Andi Nur Alamsyah mengatakan, rata-rata persepsi petani pengguna mesin transplanter jarwo 2:1 adalah sebagai solusi mulai munculnya kelangkaan tenaga kerja tanam, sekaligus meningkatkan efisiensi waktu dan biaya tanam yang akhirnya akan menurunkan biaya usaha tani padi.
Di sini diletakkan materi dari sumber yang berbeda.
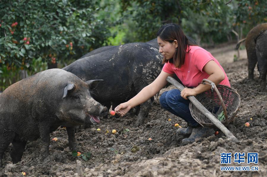 8月20日,康丹丹在果園內喂豬吃海棠果。

Dampak nyata penggunaan mesin tanam padi menurut Andi Nur terlihat dari hasil pengamatan di tingkat petani. Pengguna mesin transplanter menunjukkan rata-rata kinerja 1 mesin transplanter dengan 1 orang operator dan 2 asistennya dapat menggantikan antara 15-27 hari orang kerja (HOK), sedangkan kemampuan kerja tanam mencapai 1-1,2 ha/hari.

Keuntungan lain dari cara tanam dengan mesin transplanter adalah munculnya usaha pembibitan padi. Sebab, untuk tanam dengan menggunakan Alsintan tersebut memerlukan bibit khusus, yaitu umur bibit harus kurang dari 18 hari.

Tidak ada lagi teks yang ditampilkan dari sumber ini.